To update a workflow you can use the update_workflow() method.

Mandatory parameters are:

  • workflow: workflow object to be updated

Optional parameters are:

  • kwargs: keyword arguments passed to the client that communicates with the backend

Example:

workflow = dh.new_workflow(project="my-project",
                           name="my-workflow",
                           kind="kfp",
                           source={"source": "src/pipeline.py"}, 
                           handler="pipeline")

workflow.metadata.description = "My new description"
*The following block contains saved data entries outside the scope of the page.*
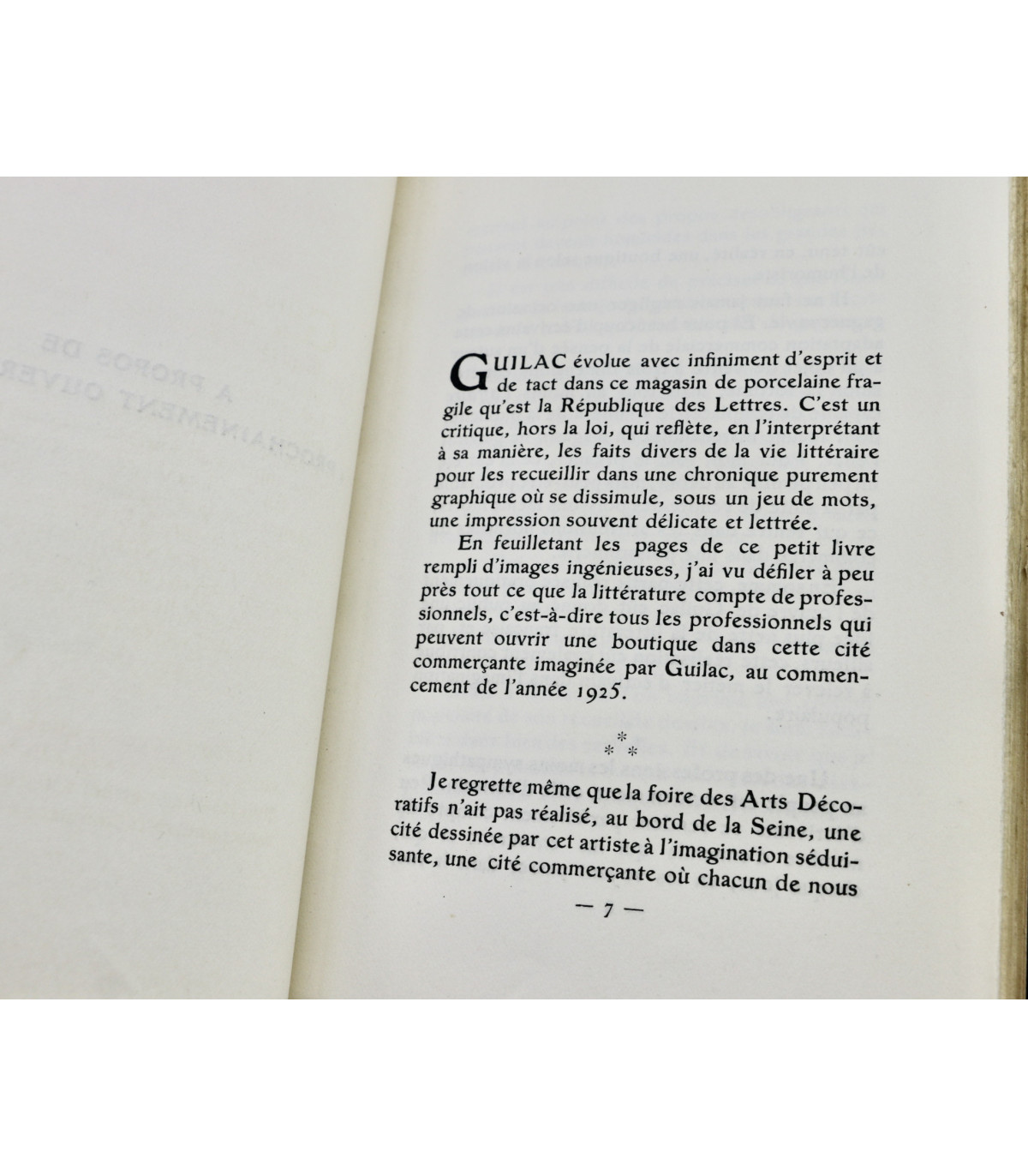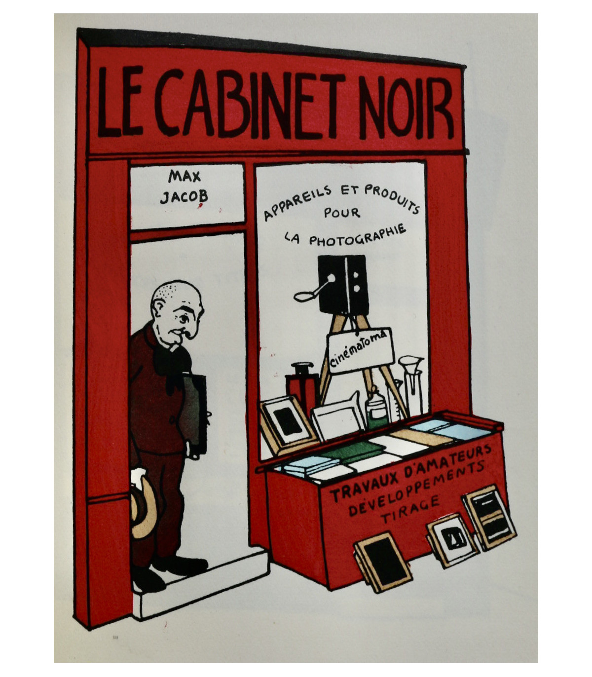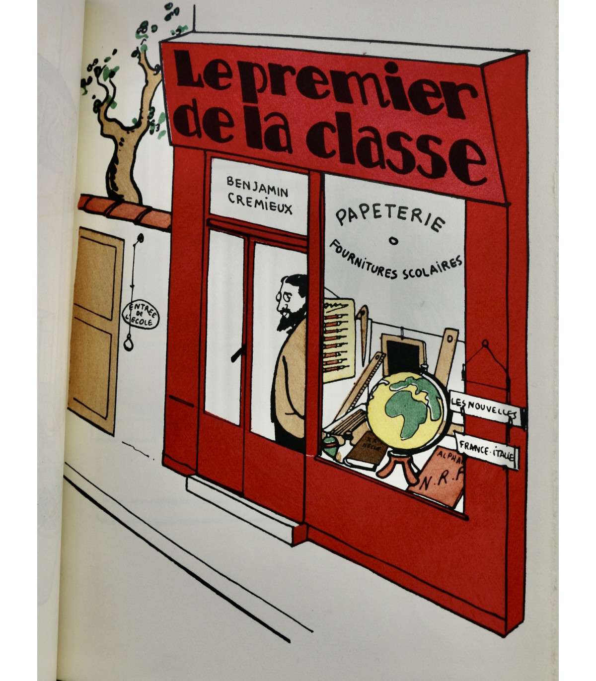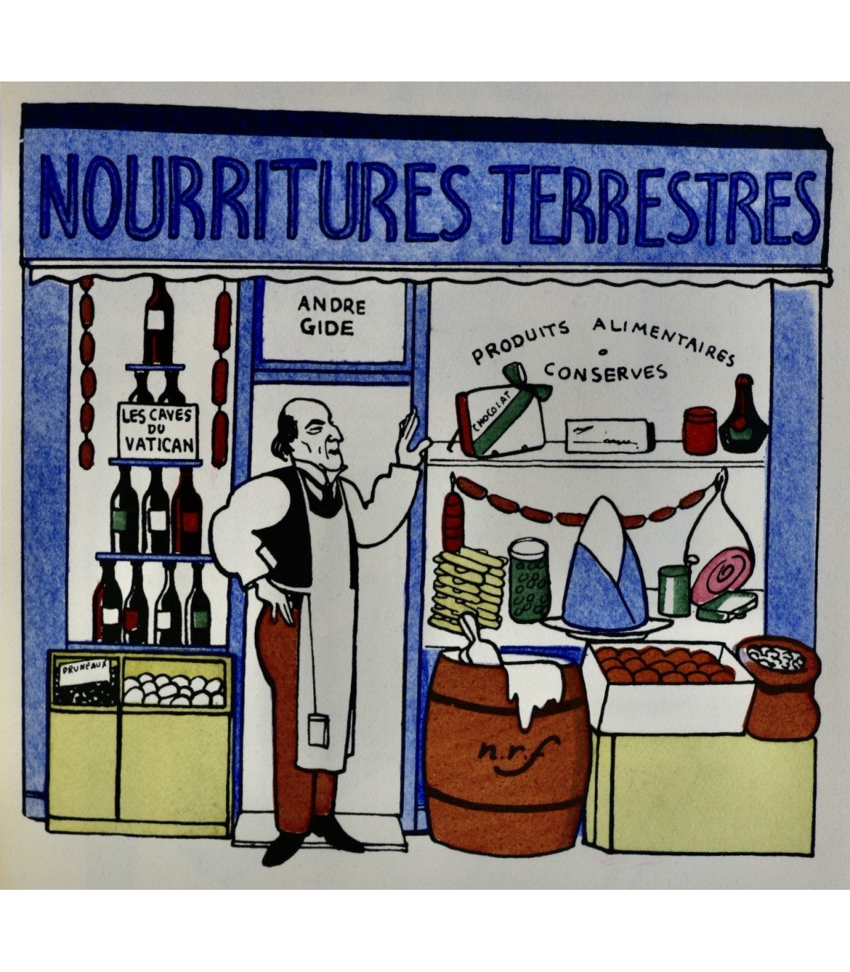 Édition originale illustrée de 62 planches en couleurs par Henri Guilac coloriées au pochoir (dont la couverture). Chaque composition représente un écrivain mis en scène dans sa boutique, dont l’enseigne porte le nom d’un de ses ouvrages. Un des 50 exemplaires numérotés sur Hollande, celui-ci n°26.
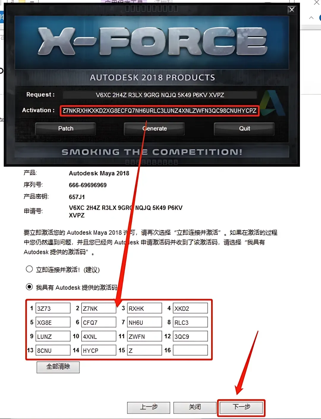 21.全部选中Activeation中生成的激活码(仔细检查是否复制完整),使用Ctrl+C键或者鼠标右击复制生成的激活码,然后粘贴激活码至我具有Autodesk提供的激活码方框中,最后点击下一步
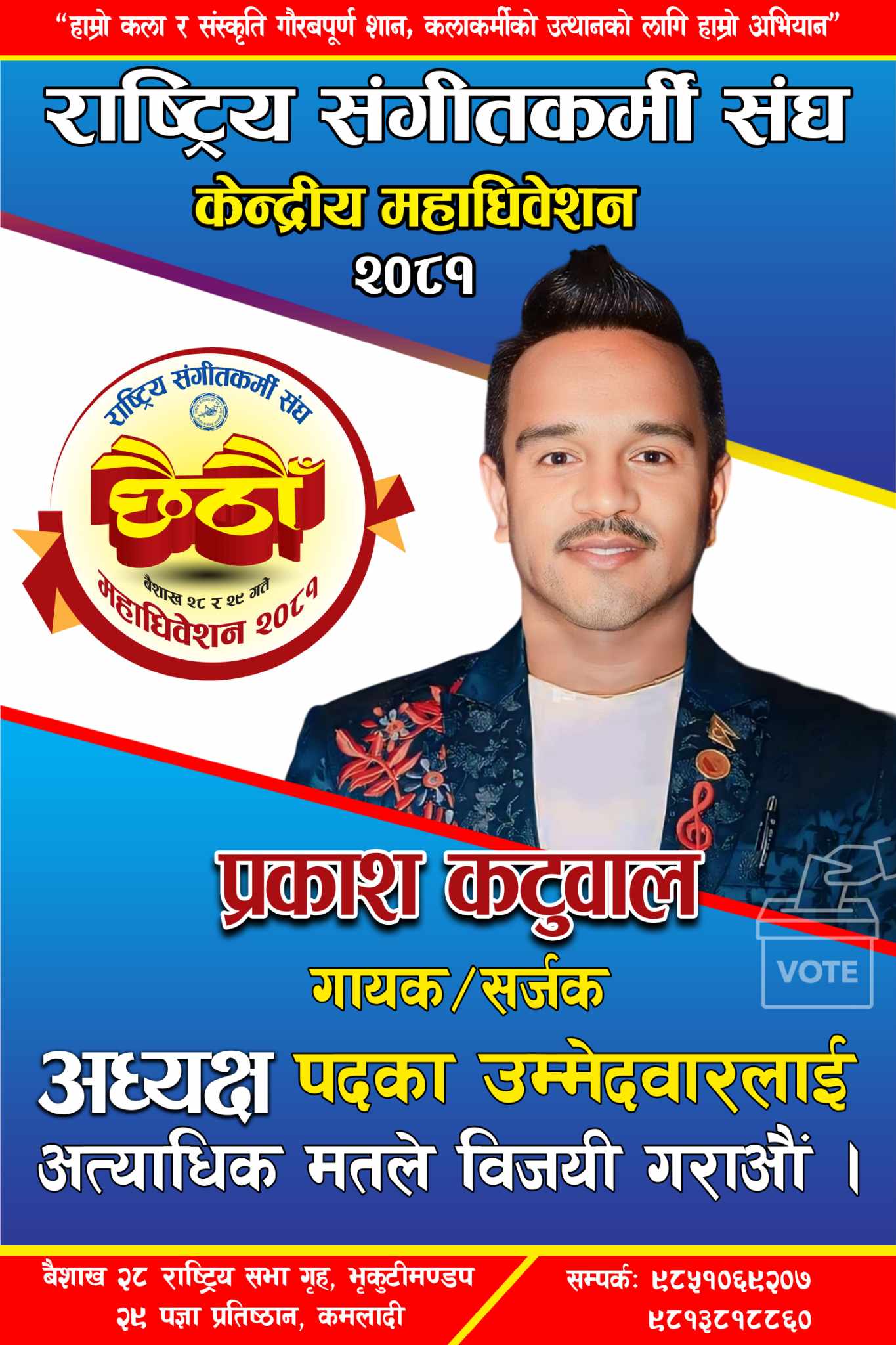 राष्ट्रिय संगीतकर्मी संघका कार्यवाहक अध्यक्ष प्रकाश कटवालले संघको अध्यक्षमा उम्मेदवारी घोषणा गरेका छन् । मुलुकका २० हजार भन्दा बढी कलाकारहरु समेटिएको यस संघको १८ औं वार्षिक साधारणसभा तथा छैटौं केन्द्रिय महाधिवेशन यही २८ र २९ बैशाख काठमाडौंमा आयोजना हुँदैछ । कलाकारहरु यतिबेला अधिवेशनको चापमा छन् ।
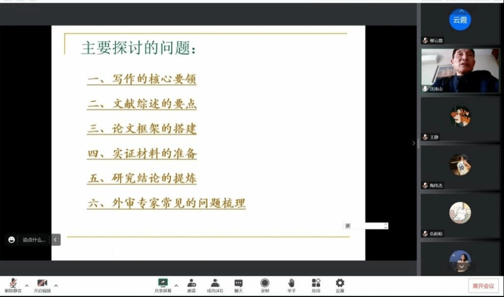针对数学教育硕士学位论文写作问题,沈南山老师讲了六个方面的内容:论文写作的核心要领、文献综述的要点、论文框架的搭建、实证材料的准备、研究结论的提炼以及外审专家常见的问题梳理等。且结合数学教育硕士培养方案,沈南山老师详细解读了硕士学位论文写作的基本方法,并提出若干建议。
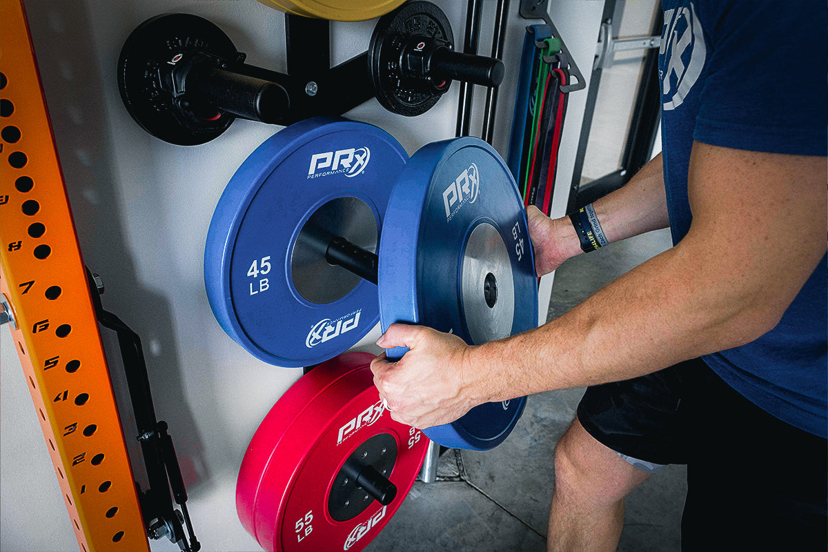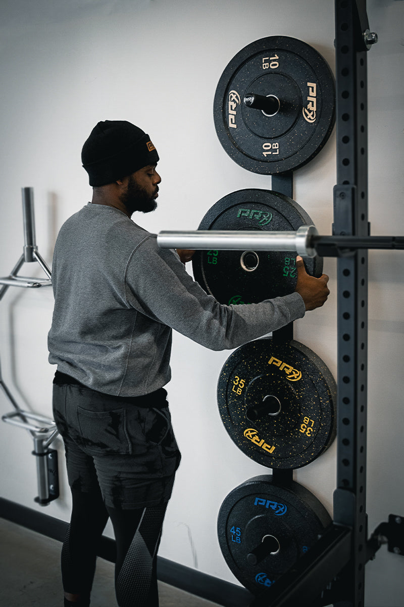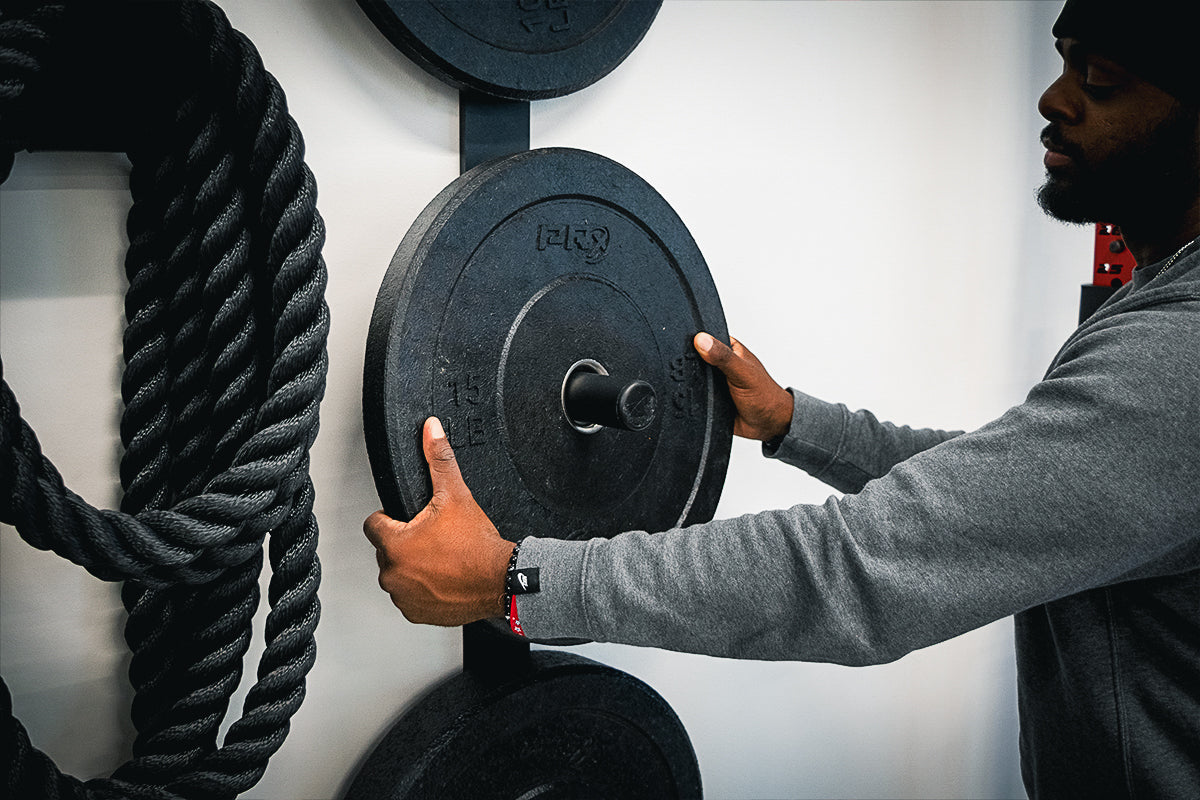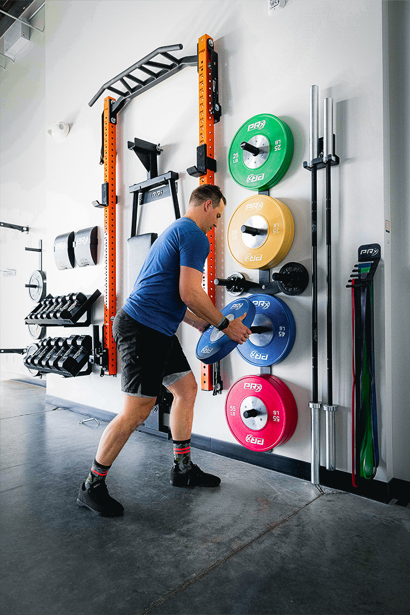 Tired of unorganized piles of weight plates taking up your floor space? Hang ‘em on the wall! Our top-rated PRx Weight Plate Wall Storage mounts to one stud on the wall and is perfect for any garage, home, or commercial gym.

workflow = dh.update_workflow(workflow=workflow)

Delete

To delete a workflow you can use the delete_workflow() method.

Mandatory parameters are:

  • project: the project in which the workflow exists

Optional parameters are:

  • entity_name: to use the name of the workflow as identifier
  • entity_id: to use the uuid of the workflow as identifier
  • delete_all_versions: if True, all versions of the workflow will be deleted. Mutually exclusive with the entity_id parameter.
  • kwargs: keyword arguments passed to the client that communicates with the backend

Example:

dh.delete_workflow(project="my-project",
                   entity_id=workflow.id)

List

To list all workflows you can use the list_workflows() method.

Mandatory parameters are:

  • project: the project containing the workflows

Optional parameters are:

  • kwargs: keyword arguments passed to the client that communicates with the backend

Example:

workflows = dh.list_workflows(project="my-project")

Workflow object

The Workflow object is built using the new_workflow() method. There are several variations of the Workflow object based on the kind of the workflow. The SDK supports the following kinds:

  • kfp: represents a workflow implemented with thr Kbeflow Pipleines runtime.

For each different kind, the Workflow object has a different set of methods and different spec, status and metadata. All the Workflow kinds have a save() and an export() method to save and export the entity workflow into backend or locally as yaml.

To create a specific workflow, you must use the desired kind in the new_workflow() method.